*BRIEF*: In the output, include exactly the lines from the beginning of the records up to and including the one that contains "5月25日消息,知乎跌幅擴大", and leave out the pictures.

Dataset items:

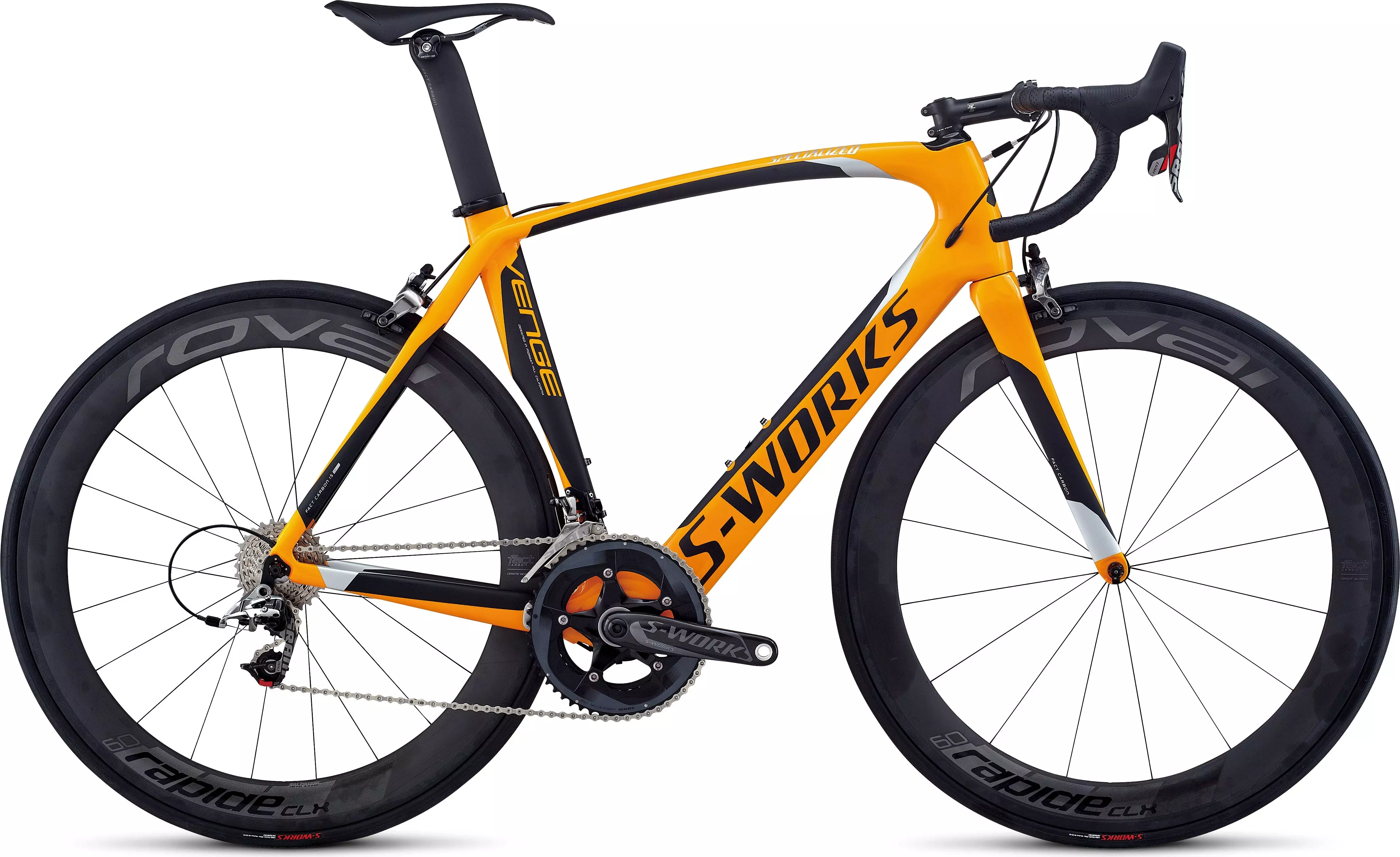 S-Works FACT carbon crankset is OSBB, with removable carbon spider, and CeramicSpeed ceramic bearings, plus SRAM's Pro Tour-proven RED rings, to provide a feather-light package to deliver maximum power transfer
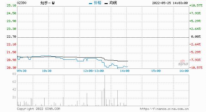 5月25日消息,知乎跌幅擴大至9.69%,現(xiàn)報20.50港元,最新市值66.84億港元。
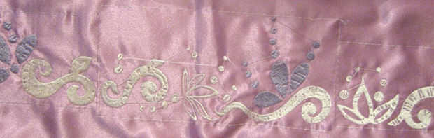 Para el bordado, saqué los patrones de la falda y las mangas de menor. Estudié varias imágenes y salió lo que yo pensaba era el patrón que se repite de los bordados. Esto tomó varios días. Realmente quería el bordado como de Rapunzel y si nos fijamos en los primeros planos en la película, su bordado tiene algunas lagunas y ligeramente espaciados hilos. Dibujé los "gaps" en mis diseños así. Yo dibujé a escala. Envié mis imágenes escaneadas a mi amigo, AJ, que digitalizaron para mí y luego los bordados con mi máquina sobre las telas. La falda era realmente difícil bordar porque es más de un color de hilo y cada patrón tiene que ser emparejado con mucho cuidado alrededor de la falda en orden para que funcione. Lo sentimos, mis archivos de bordados no son venta.
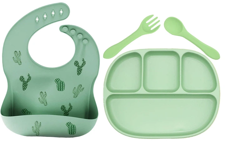 Чотирисекційна силіконова тарілка прилади в кейсі слюнявчик силіконовий 2Life 4 предмети Зелений (vol-10271)
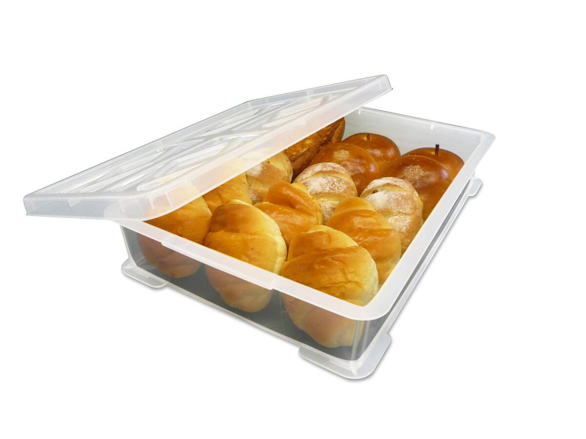 餅・パン・ケーキ・麺類などの一時保存や運搬に便利な平型フードコンテナ。 小型のパンや小餅、製麺に適した浅型タイプ。 蓋をしたままでの積み重ねが可能なので運搬に便利。
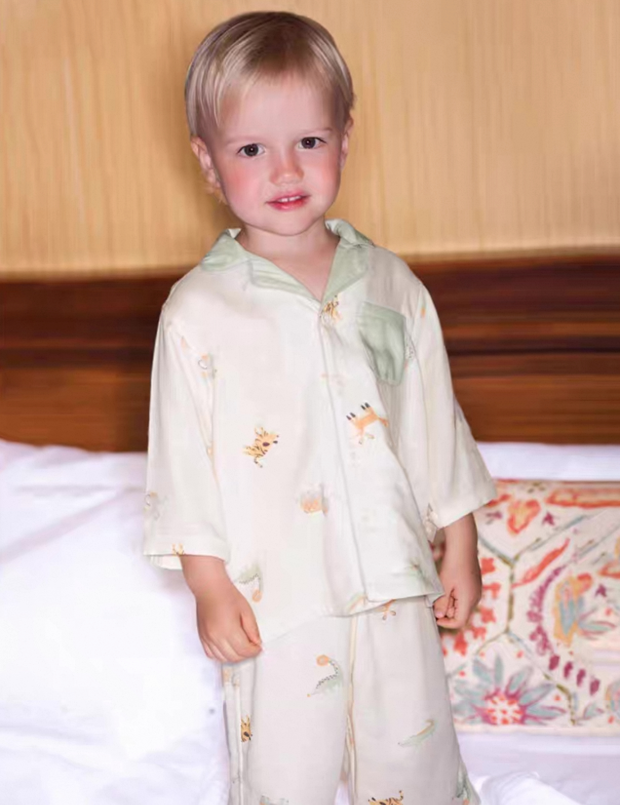 淡いアイボリーカラーに、かわいらしい動物デザインが散りばめられたパシャマです。
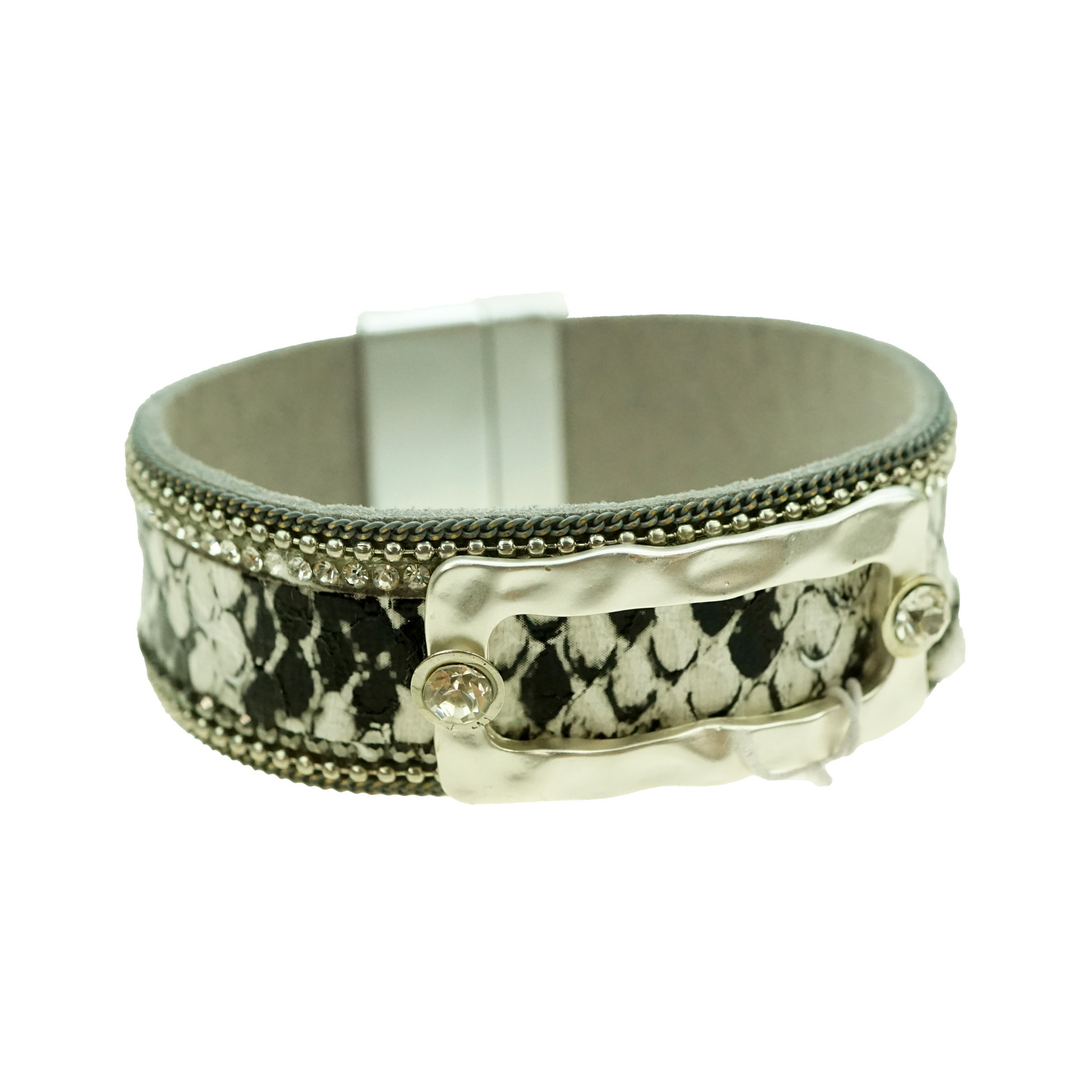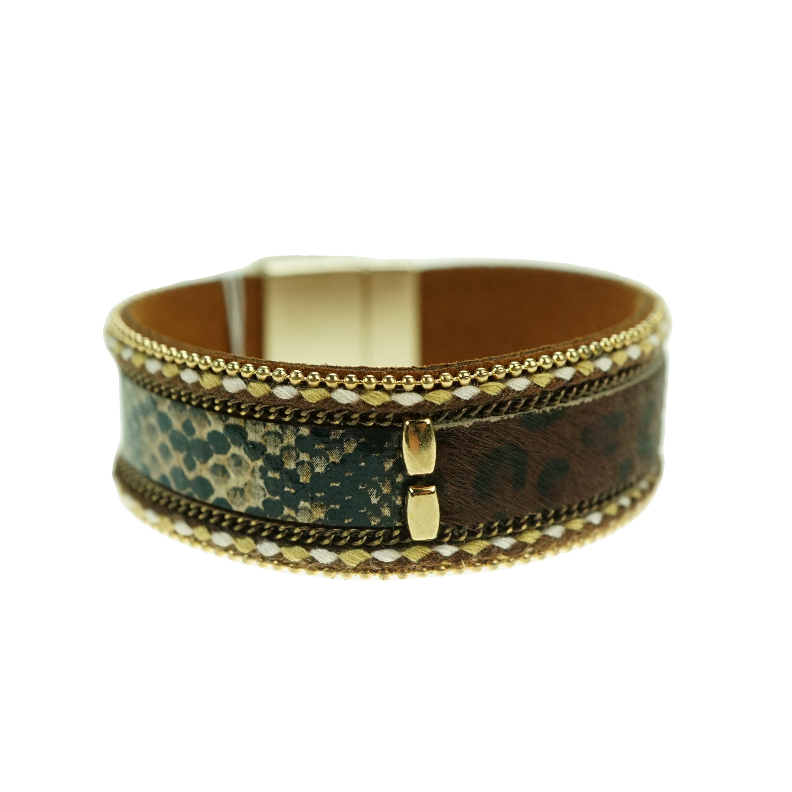 Leather look cuff bracelet with magnetic clasp.

*RESULT OF THIS TASK*:
 S-Works FACT carbon crankset is OSBB, with removable carbon spider, and CeramicSpeed ceramic bearings, plus SRAM's Pro Tour-proven RED rings, to provide a feather-light package to deliver maximum power transfer
 5月25日消息,知乎跌幅擴大至9.69%,現(xiàn)報20.50港元,最新市值66.84億港元。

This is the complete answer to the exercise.